UN Human Rights Council extends Yemen war crimes investigation
The United Nations Human Rights Council voted to extend an international probe of alleged war crimes committed in Yemen despite strong opposition from Saudi Arabia and several of its allies.
Nations voted 21 to 8, with 18 abstentions, in favor of a resolution that renewed the U.N.-backed investigation for a year. Last month, investigators detailed evidence of possible war crimes committed in Yemen by both the Saudi-backed coalition and the Houthi rebels supported by Iran.
Burundi, China, Cuba, Egypt, Pakistan, Saudi Arabia, the United Arab Emirates and Venezuela voted against the extension.
#HRC39 adopts RES on #HumanRights situation in #Yemen Extends mandate of Group of Eminent Experts for 1year +report at #HRC42. Requests @UNHumanRights #HC to provide assistance, advice & support to enable National Commission of Inquiry to complete its work HC report #HRC40 #HRC42 pic.twitter.com/RPA2l6ai0Z
— United Nations Human Rights Council (@UN_HRC) September 28, 2018
Earlier on Friday, the coalition criticized the U.N. human rights mission in Yemen, and said any extension should be a matter for the Yemeni government. which announced on Thursday that it was ending cooperation with the U.N. investigation into suspected war crimes.
The Arab group in the rights council had backed a rival text that called on Yemen’s national human rights commission to take charge of future investigations of the conflict.
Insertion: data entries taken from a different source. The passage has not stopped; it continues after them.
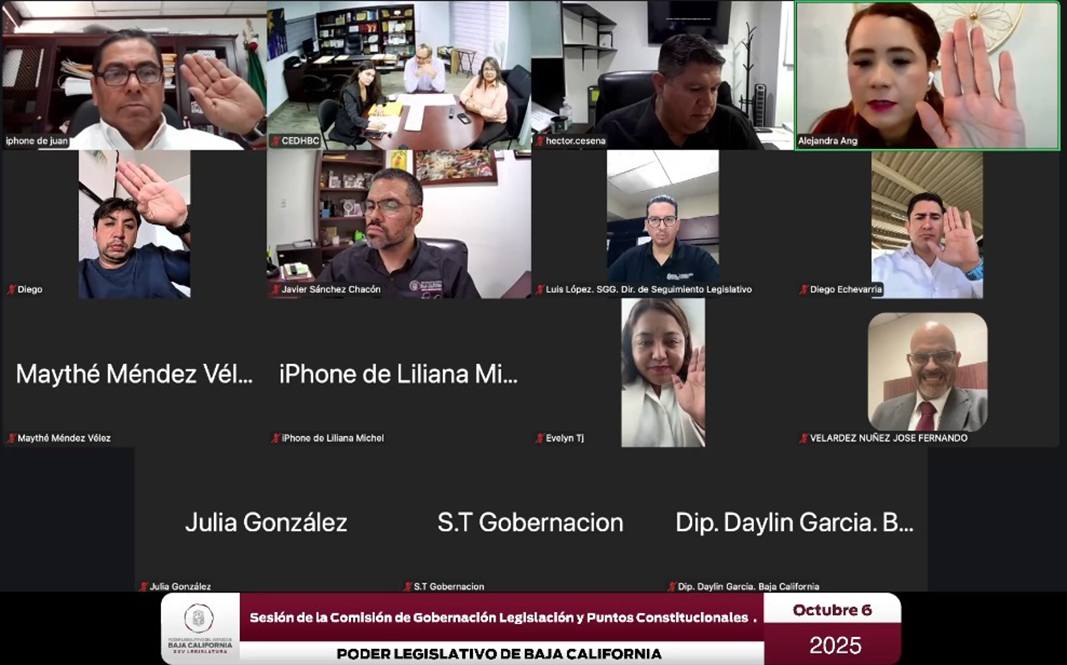 MEXICALI.- En sesión ordinaria la Comisión de Gobernación, Legislación y Puntos Constitucionales del Congreso del Estado aprobó dos dictámenes clave para el fortalecimiento institucional de Baja California: la integración del nuevo Consejo Consultivo de la Comisión Estatal de los Derechos Humanos y la ratificación del nombramiento de la titular de la Secretaría Anticorrupción y Buen Gobierno.
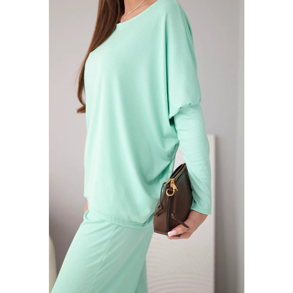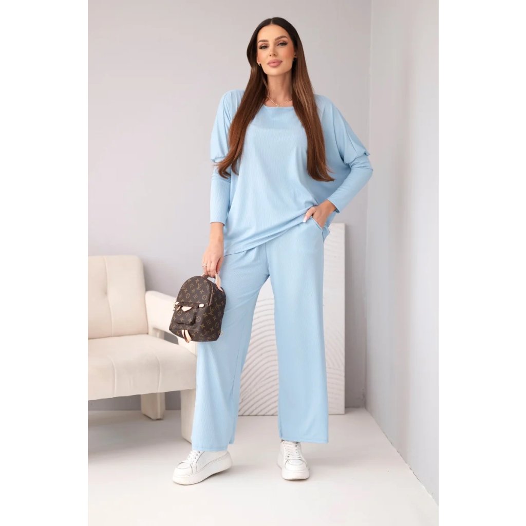 Dvoudílný set: volná halenka + kalhoty s širokými nohavicemi
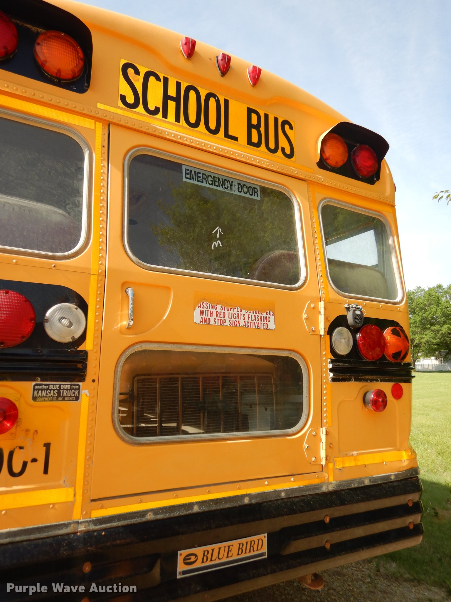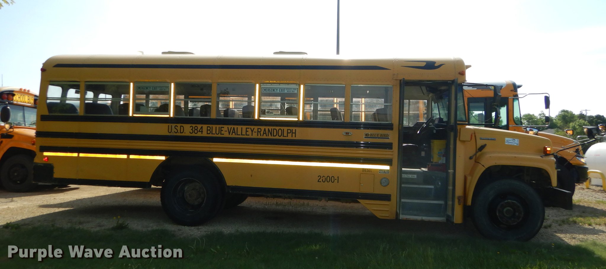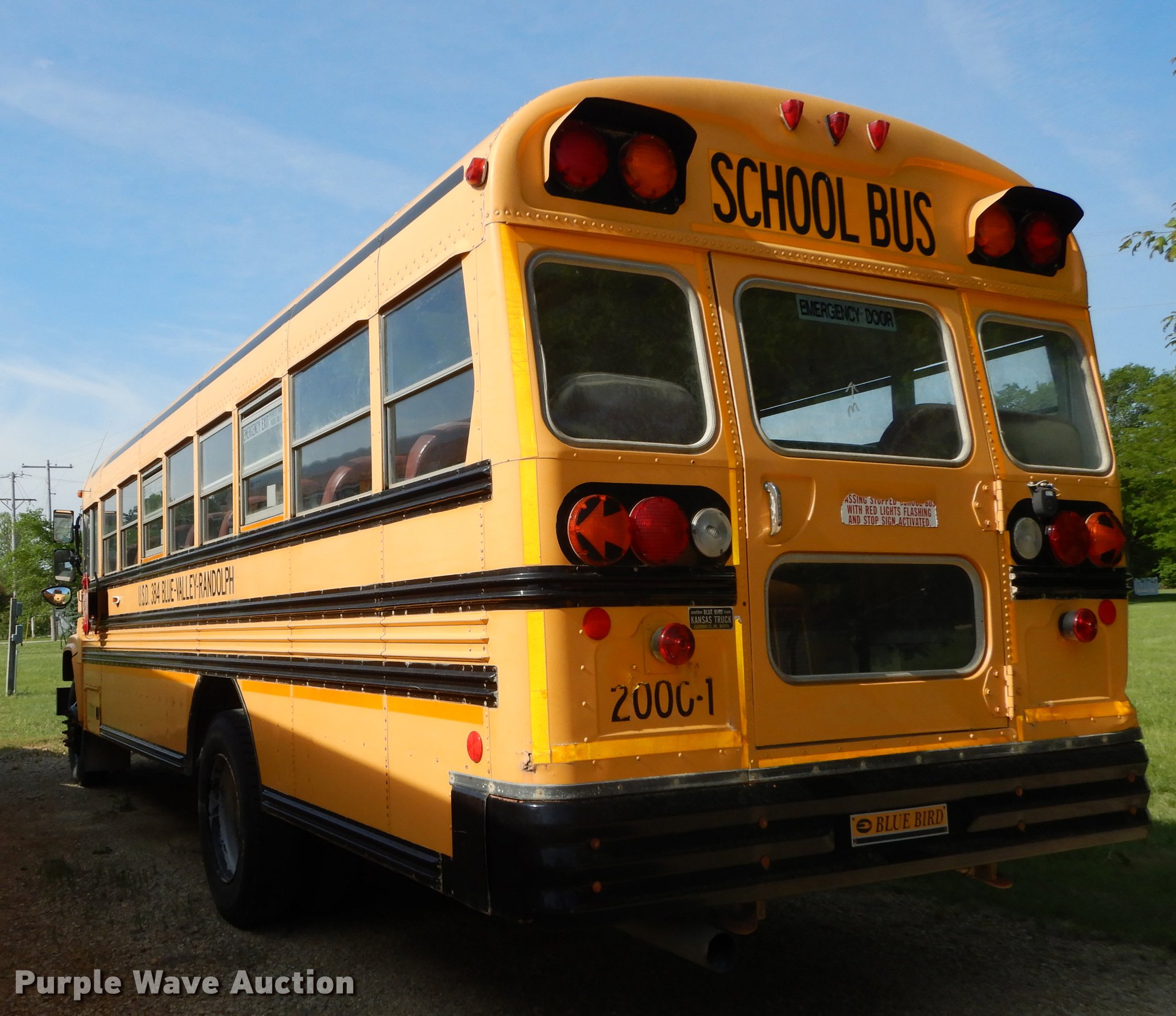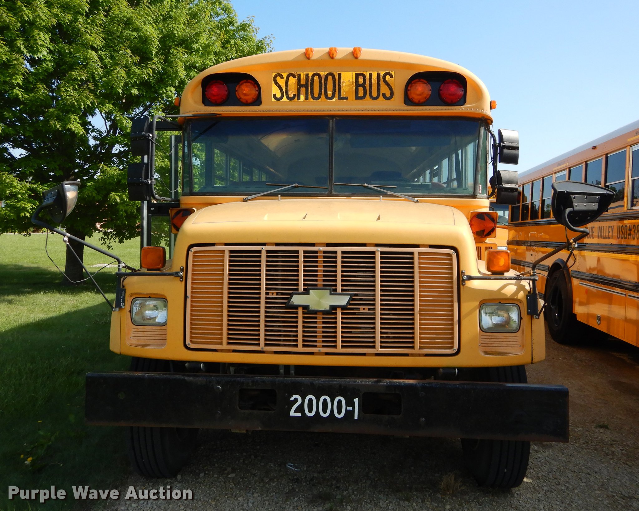 Purple Wave is selling a used Bus in Kansas. This item is a 2000 Chevrolet C7H064 Blue Bird school bus with the following: 144,699 miles on odometer, Caterpillar 3126 7.2L L6 turbo diesel engine, 142 HP, Serial 8YL47880, Automatic transmission, Single axle, Heat, AM/FM/cassette, Heated mirrors, Air suspension seat, Vinyl interior, 47 passenger capacity, Ceiling, rear, and side emergency exits, Lighted stop sign, Rear tow hooks, 192" wheelbase, Spring suspension, Hydraulic brakes, 10R22.5 tires, GVWR 27,960 lbs, Decals will be painted over prior to auction, Unit# 2000-1
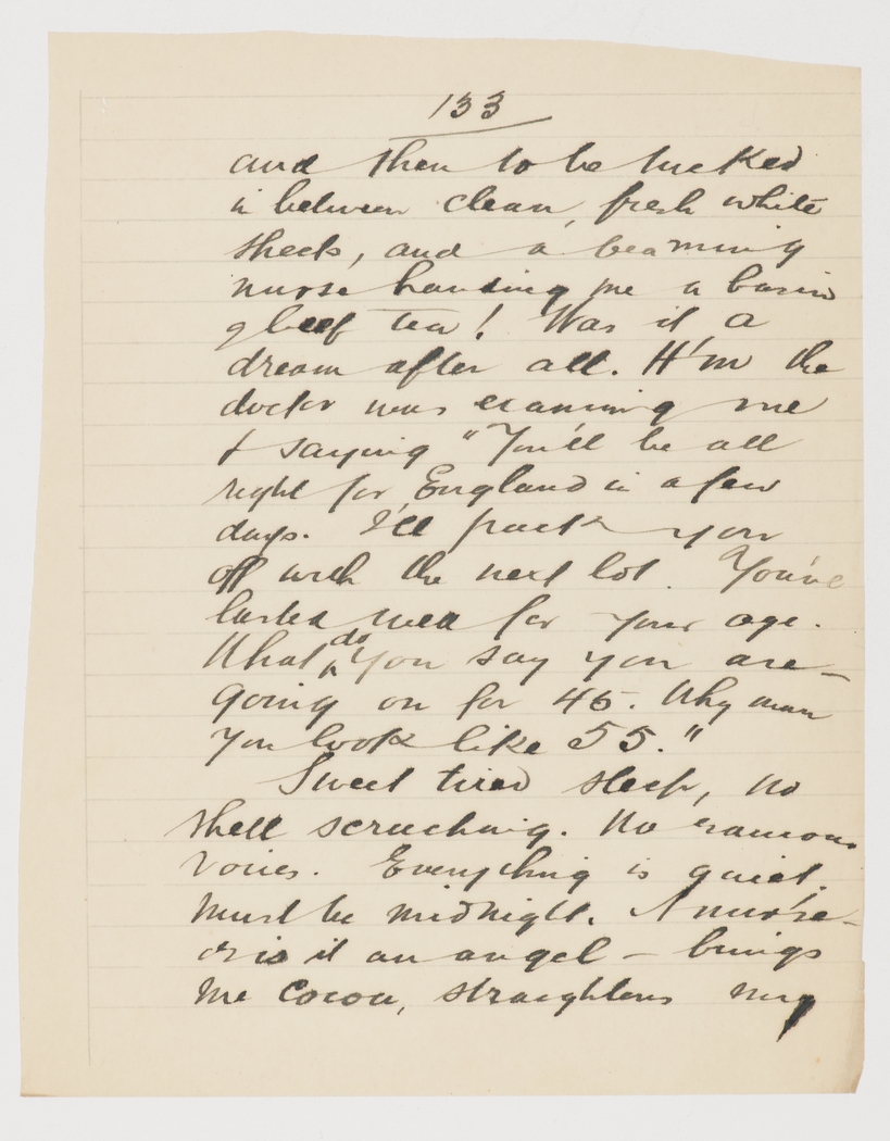 and then to be tucked in between clean, fresh white sheets, and a beaming nurse handing me a basin of beef tea! Was it a dream after all. H'm the doctor was examining me & saying "You'll be all right for England in a few days. I'll pack you off with the next lot. You've lasted well for your age. What do you say you are going on for 46. Why man you look like 55."

In their first report issued last month, the U.N.’s Group of Independent Eminent International and Regional Experts said they had “reasonable grounds to believe that the parties to the armed conflict in Yemen have committed a substantial number of violations of international humanitarian law.”
Many of these violations may amount to “war crimes” the 41-page report said, adding that the investigators had identified a number of alleged perpetrators.
The report covers the period from September 2014 through June 2018, and does not address the latest series of deadly strikes that have killed dozens of children in rebel-held areas and sparked international outrage.
Saudi Arabia’s ambassador to the U.N. in Geneva, Abdulaziz Alwasil, said he voted no because the resolution did not address his “legitimate concerns,” notably about the “lack of balance” in the probe’s first report.
Coalition spokesman Colonel Turki al-Maliki had earlier criticized the “inaccuracy of the information in the report, which was derived from non-governmental organisations and the testimonies of some persons whose circumstances are unknown.”
He said the report “failed to mention Iran’s role in Yemen, and the countless violations perpetrated by the Houthis, both against the Yemeni people and against the kingdom” of Saudi Arabia.
“These violations include targeting the kingdom using Iranian ballistic missiles – aimed at civilian and religious sites,” he added.
The coalition says the rebels have fired more than 200 missiles at Saudi Arabia since it intervened in Yemen.
The approved resolution led by a group of European states and Canada calls on investigators to deliver another report next September.
Probe members had said they needed more time to fully document the range of violations.
The conflict in what was already one of the world’s poorest countries has caused what the U.N. has described as the world’s worst humanitarian crisis.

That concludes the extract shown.